On October 5th, 2012, a split ICSID tribunal awarded Occidental Petroleum $1.8 billion ($2.3 billion with interest) for the assets the Ecuadorean government expropriated in 2006.
The Correa administration did not just take Oxy’s stuff for the hell of it. Or even necessarily for the money. (Although that probably was a factor.) Rather, the ostensible reason was that Oxy had sold a 40% stake in it operations to a Canadian company (Encana) in contravention of Ecuadorean law, which clearly stipulated that all such sales required ministerial approval. The ICSID tribunal decided that expropriation was disproportionate to the offense (Ecuadorean law being mum as to the penalty) but knocked 25% off of Oxy’s interest in determining compensation.
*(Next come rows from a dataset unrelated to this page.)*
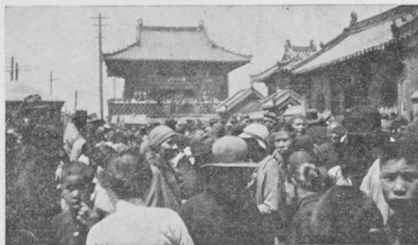
Grandam Temple at Newchwang, Manchuria. This is only a glimpse of the crowds that entered the gate (shown at the right) to worship the idols.

Please pray for Shiku. Opposition has been increasing this last month and we have been more conscious of the powers of darkness than ever before. Last week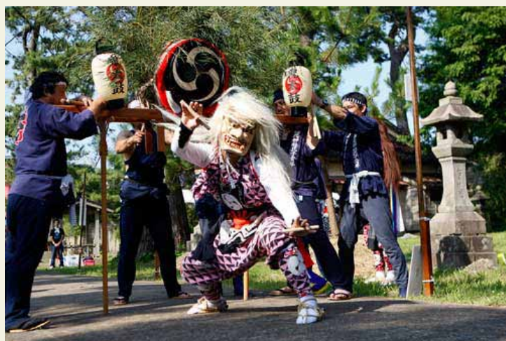
Sado Performing Arts display - Demon Drumming at Earth Celebration

Every September, they host the "Rencontres de Chants Polyphoniques de Calvi" festival on Corsica where artists from around the globe join them for multicultural collaborations. Providing a rare occasion for reciprocal island festival performances, this year A Filetta has returned Kodo's invitation to EC with an invitation to be their first Japanese guest artists at the 2010 "Rencontres."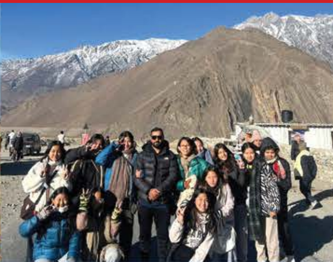
Social Camp at Shree Ganesh Basic School in Sindhupalchowk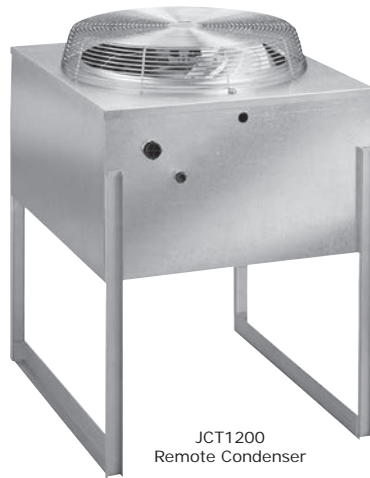
JCT1200 Remote Condenser

*Remote condenser has refrigerant charge for up to 50' (15 m) line length. Over 50' (15 m) requires additional refrigerant charge at time of installation.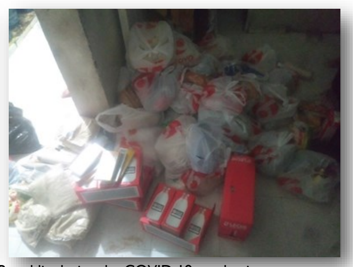
Food package distribution in the Dominican Republic during the COVID 19 pandemic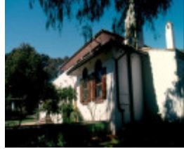
H01998 bruce manor frankston exterior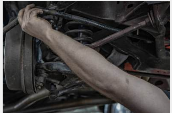
Figure 2: Sway Bar Removal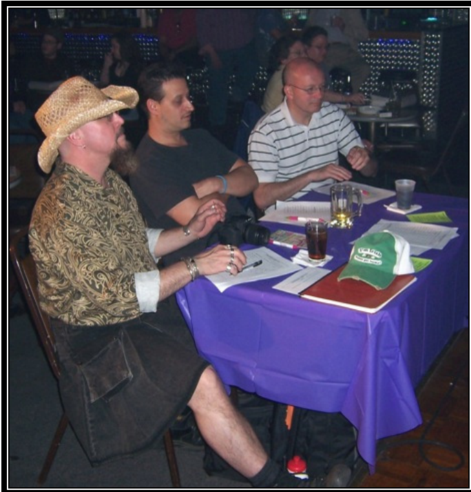
Judges prepare to vote as they listen intently to the Karaoke Singers!

long time dedication to the community and his activism and fund raising efforts.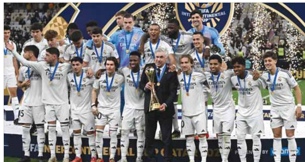
Kylian Mbappe and Vinicius Junior both scored as Real Madrid cruised to a 3-0 victory over Mexican side Pachuca in the Intercontinental Cup final in Doha yesterday. Mbappe opened the scoring in the 37th minute before Rodrygo doubled Madrid's lead early in the second half. Vinicius sealed a comfortable win for the Spanish and European champions with a late penalty. Sport Page 1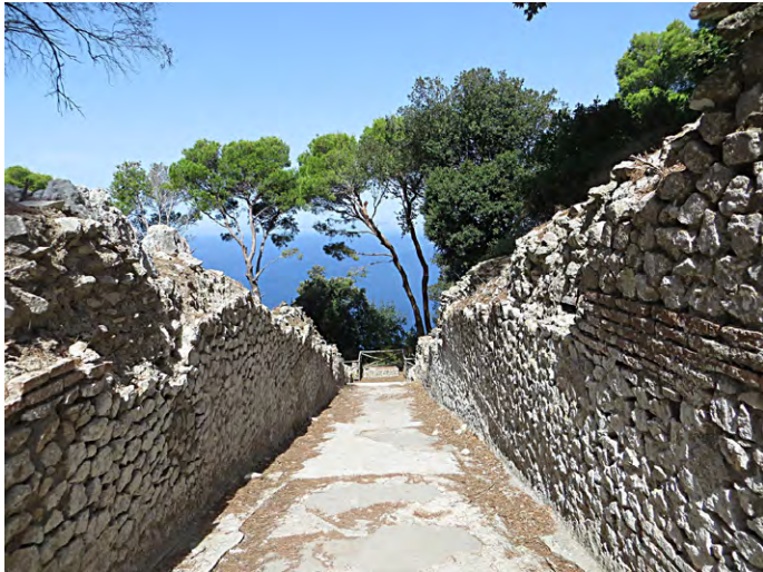
Villa Jovis, one of twelve ancient Roman villas on the island of Capri.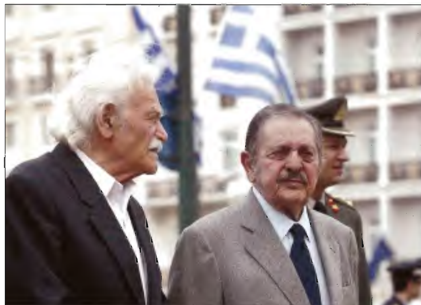
Now generally acknowledged as pioneer heroes of the Resistance, the two men have become household names, known throughout Greece, and no commemoration or celebration connected with the war could be held without their presence. This picture was taken at the Monument of the Unknown Soldier on Platia Syntagma (Constitution Square) in the centre of Athens when they attended the World War II Victory Day commemorations on May 9, 2004.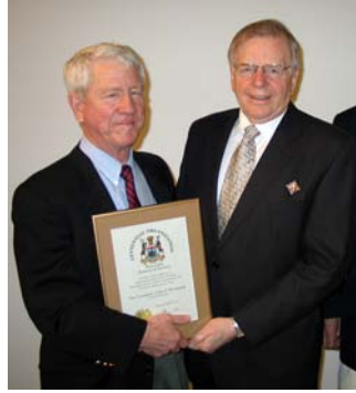
Centennial Organization Award 1978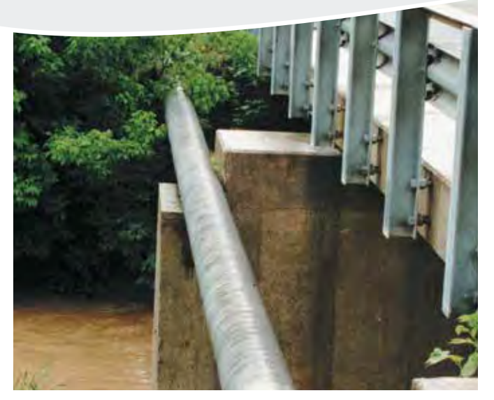
Wax-Tape* #2 anticorrosion wrap has a proven history over three decades of successful field applications. It is used with Trenton primers, profiling mastics and outerwraps to create the Trenton Wax-Tape* System.

Trenton Wax-Tape® #2 anticorrosion wrap is unique in that it is soft and pliable then firms up to form a long-lasting, highly effective protective coating. The wrap is composed of microcrystalline waxes, plasticizers, corrosion inhibitors and other ingredients saturated into a nonwoven, nonstitch bonded synthetic fabric. There are no siliceous mineral fillers.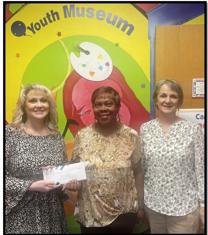
Youth Museum Designated Distribution check delivery | 2023

The Youth Museum is open year-round and offers changing interactive exhibits on art, history, science & nature. The current exhibit is Animation Land, where you can learn how to create animation at a variety of different stations set up throughout the building.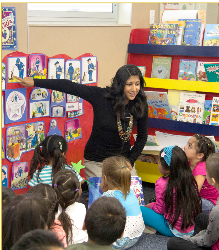
Interactive learning engages students in the classroom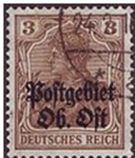
Lithuania Issue – German Overprint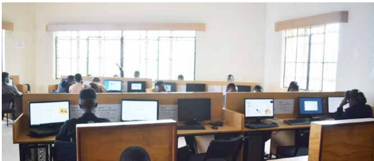
The New Library Research Centre

By: Mugambi Frankline Department of Library and Information Services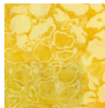
FABRIC #6 3 1/2 x 40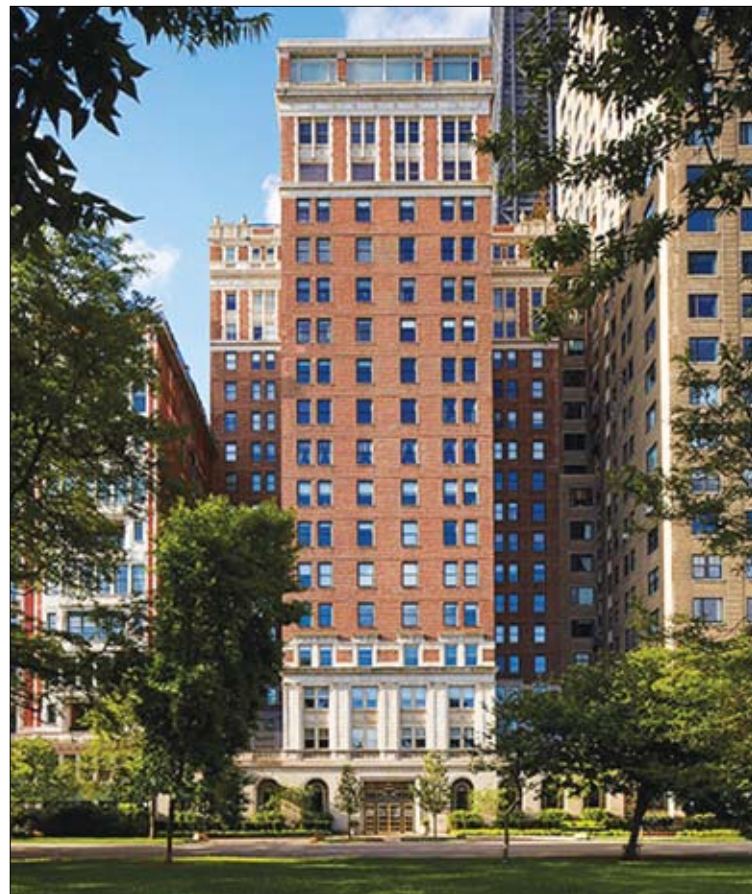
The Mayfair building, 189 E. Lake Shore Dr. has two of the top five highest tax bill increases county-wide over the past 20 years.

Runaway real estate tax hikes have been a major problem in Chicago and Cook County for decades, especially in tony North Side city neighborhoods.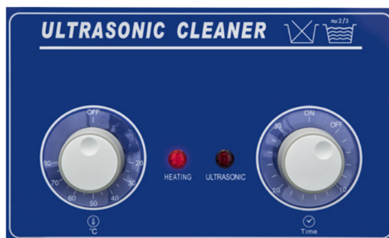
Front panel of AU series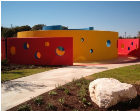
Dell Children's Hospital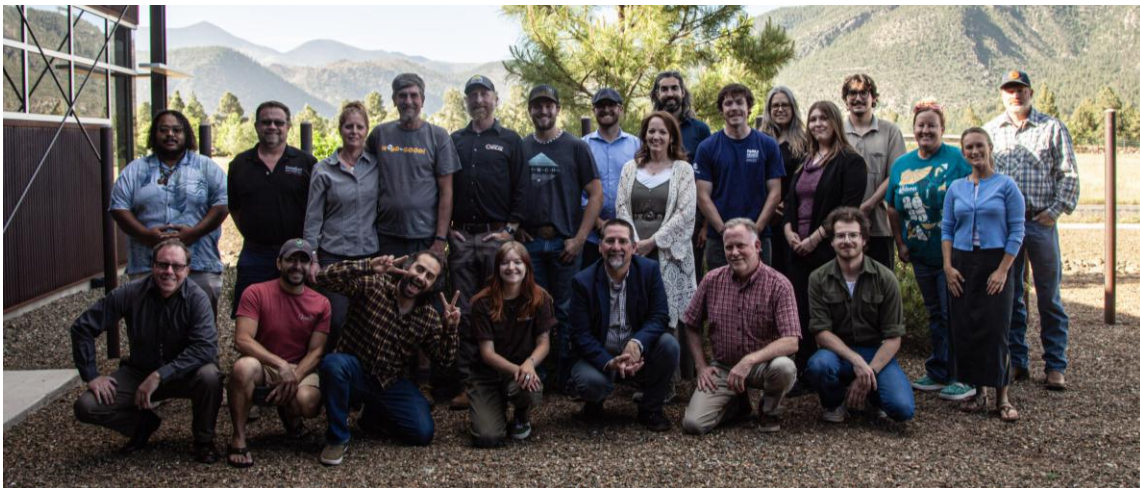
2025 Green Business Boot Camp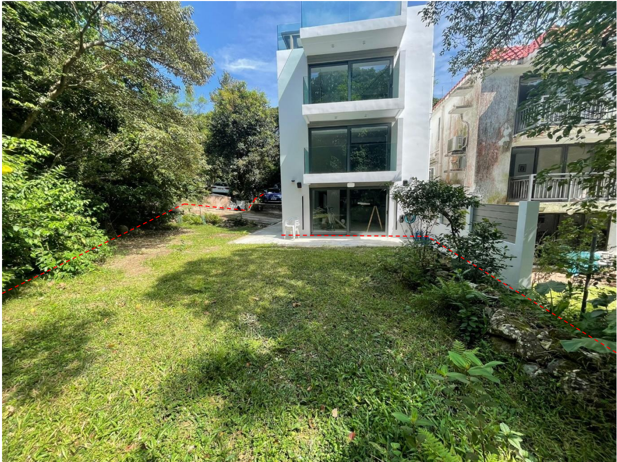
Photo 1: The photograph shows the existing grass on the site that will be retained. (Boundary line of the proposed STT are only indicative, please see the site plan for accurate boundary lines).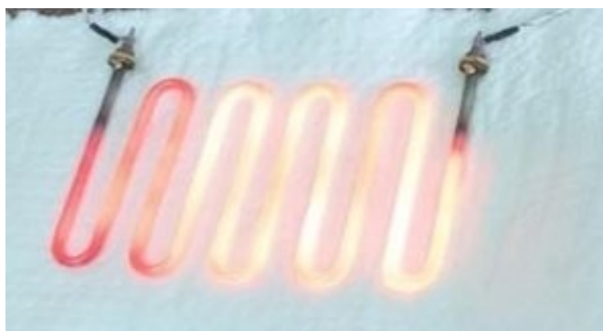
Figure 9: stainless steel heater stick (AC 4Kw, 50/60 Hz)

We made three 4Kw stainless steel heater sticks added 50% of materials of MEGA-STN as shown in Figure 9. The surface temperature of it went up to a maximum 700°C. We made a stainless-steel rectangular plate (500 mMx400 mMx30 mM) with the air holes as shown in Figure 10. Figure 10 is the one with a stainless-steel heater stick (AC 4Kw, 50/60 Hz) of Figure 9 fixed in the stainless-steel rectangular plate and materials of MEGA-STN in the remaining space of it. The surface temperature of it went up to a maximum 950°C. We made an equipment as shown in Figure 11. We put three stainless steel rectangular plates of Figure 10 in the equipment of Figure 11 and two fans. As shown in Figure 11, a fan located on top of the equipment pushes the wind in and a fan in front of it pulls the wind out. This is the way to emit positrons by passing the wind through three stainless steel rectangular plates of Figure 10 in the equipment of Figure 11.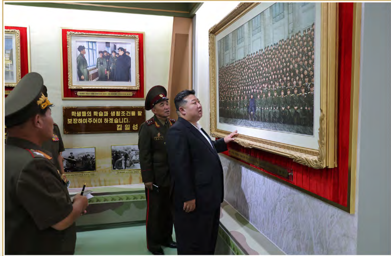
Guided by senior officials, he went round the arms study room and watched drill lectures given at the ground-based artillery firing research room and the artillery tactical research room. Then at the combined pedagogical information control room he learned in detail about the updating of education.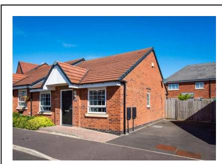
25 Brick Kiln Way, Baggeridge Village

Ecuador, understandably, has filed to annul the decision. Oxy asked to be allowed to enforce the decision (i.e., go after Ecuadorean assets and income streams in foreign courts) while the annulment proceeded. They said that they earned 12.6% on their assets while the tribunal granted then only 4.2% interest, and so they were losing money.
And here it gets interesting: the Ecuadorean attorney general stated that Ecuador “does not adopt the same controversial position as the Argentine Republic in ICSID proceedings – i.e. that the enforcement obligations under Article 53 of the ICSID Convention are conditioned upon an award-creditor having recourse to a domestic enforcement procedure in the host-country. Rather, Ecuador’s position as a matter of law, is that ICSID awards are not subject to judicial review by local courts and that the obligation of Ecuador to comply with an award is not conditional upon recourse to a domestic enforcement procedures.” Moreover, the government acknowledged that the award was binding even though the country’s Constitutional Court has declared the Ecuador-U.S. bilateral investment treaty to be unconstitutional. Finally, ICSID pointed out, in somewhat annoyed terms, that Oxy was just making stuff up when they claimed that Ecuador had failed to pay past judgments. Rather, it had only lost two: in one with Duke energy it paid and with another with Oxy it placed part of the award in escrow while a further arbitration determines if the award was too large.
In short, ICSID found that Ecuador has a track record of paying in the past and has promised to pay in the future.
From a putatively Bolivarian government, this is rather interesting.
It also puts that Ecuadorean debt default and buyback of 2009 in a rather different light. Was it a sign of an irresponsible government defaulting for the hell of it ... or a sensible decision for a country locked into a currency union to rid itself of foreign debt when it was still cheap to do so?